WASHINGTON — It’s Monday, November 16, and each one of those 16 days so far this month has reported one of the 16 highest daily averages for coronavirus cases in Virginia. The 17th-highest day was October 31.
In Maryland, for the third time in four days the state set a new single-day record high – reporting 2,726 new cases of the coronavirus on Monday. Virginia also reported a new single-day high of 2,677 cases, although the Virginia Department of Health is attributing some of that number to data server maintenance over the weekend.
D.C., for its part, didn’t set any new records on Monday.
Welcome to the WUSA9 coronavirus blog, where we do our best to keep you up-to-date on how things are going with the pandemic in D.C., Maryland and Virginia
How are things going in the DMV?
In a word? Bad.
D.C. is now averaging 140 new cases of the virus a day.
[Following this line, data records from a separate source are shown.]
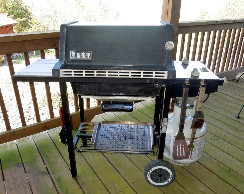 Lot 60: Weber Gas Grill with Two 15 lb Propane Tank Grilling Tools
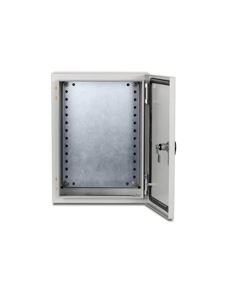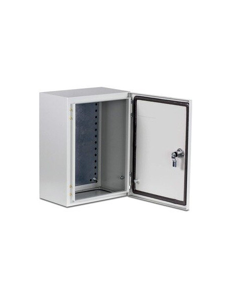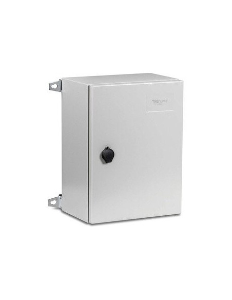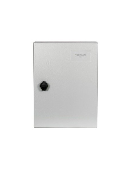 Gabinete exterior Trendnet robusto, ideal para proteger equipamentos em ambientes externos. Construído em aço, com classificação IP66, garante proteção contra poeira e água. Possui porta articulada com fechadura para segurança.
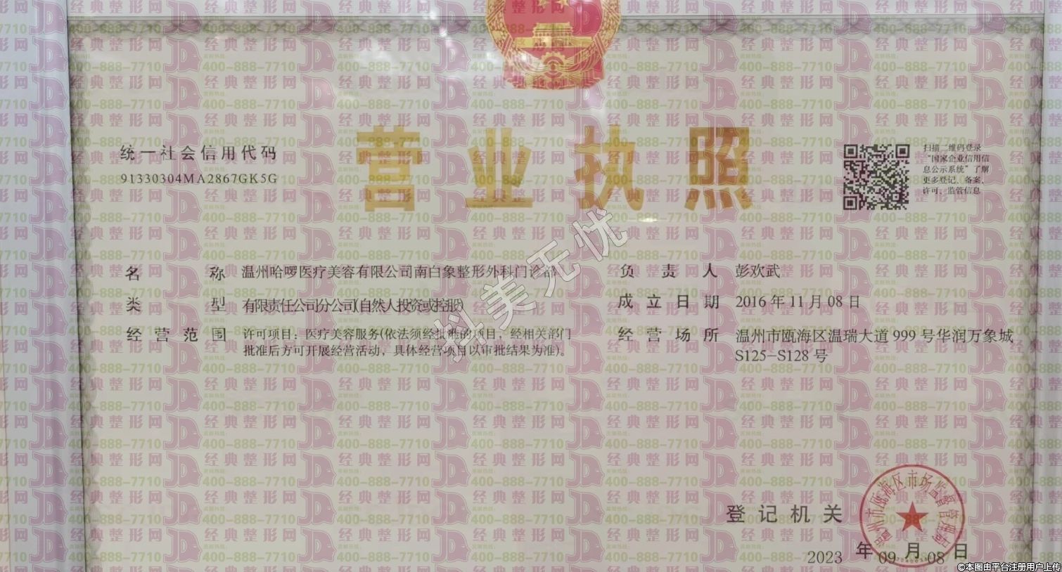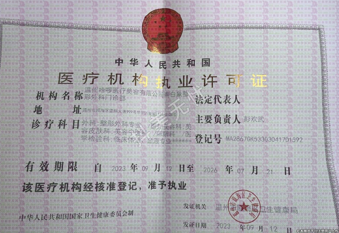 機(jī)構(gòu)名稱(chēng):溫州哈啰醫(yī)療美容有限公司南白象整形外科門(mén)診部

To put that in context, the city was averaging 92 cases a day on May 29 when it entered Phase 1 of reopening, and just 32 cases a day on June 22 when it entered Phase 2. Monday’s average number is nearly three times that.
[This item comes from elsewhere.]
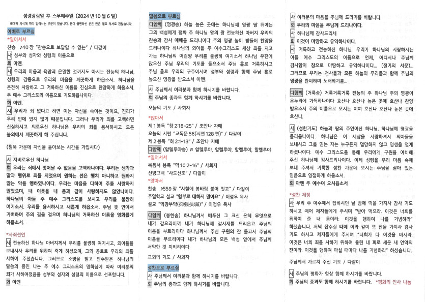 2024년 10월 6일 주일주보 작성자 정보 담임목사 작성 작성일 2024.10.08 14:31 컨텐츠 정보 1,295 조회 목록 본문 성령강림일 후 스무째주일 SNS 공유 관련자료 이전 2024년 10월 13일 주일주보 작성일 2024.10.16 15:40 다음 2024년 9월 29일 주보 작성일 2024.10.01 22:07 댓글 0 등록된 댓글이 없습니다. 로그인한 회원만 댓글 등록이 가능합니다. 목록

Maryland is now averaging more than 1,700 new cases a day and Virginia is averaging just under 1,600 new cases a day – both record highs. The Maryland Department of Health said last week that one of the big drivers of that number has been new cases in people under the age of 30 – and that, unlike earlier in the pandemic, they’re also seeing hospitalizations in that age group rise significantly as well.
The governors of both states responded to the rising numbers last week by imposing – re-imposing, really – new restrictions. In Maryland, those restrictions mean indoor dining capacity is cut back again from 75% to 50%. Indoor gatherings of 25 people or more are strongly discouraged, and the state is advising residents to avoid nonessential travel to states with positivity rates above 10% – which is most states.
Virginia hasn’t so far reinstituted travel restrictions as Maryland and D.C. have, but on Monday a slew of other new measures went back into place, including slashing public and private gatherings from 250 to 25 people and the implementation of a new Class 1 misdemeanor penalty for essential retail stores that aren’t following state mandates.
What I’m keeping an eye on this week
Hospitalizations. The long and short of it is that they’re moving in the wrong direction all across the DMV.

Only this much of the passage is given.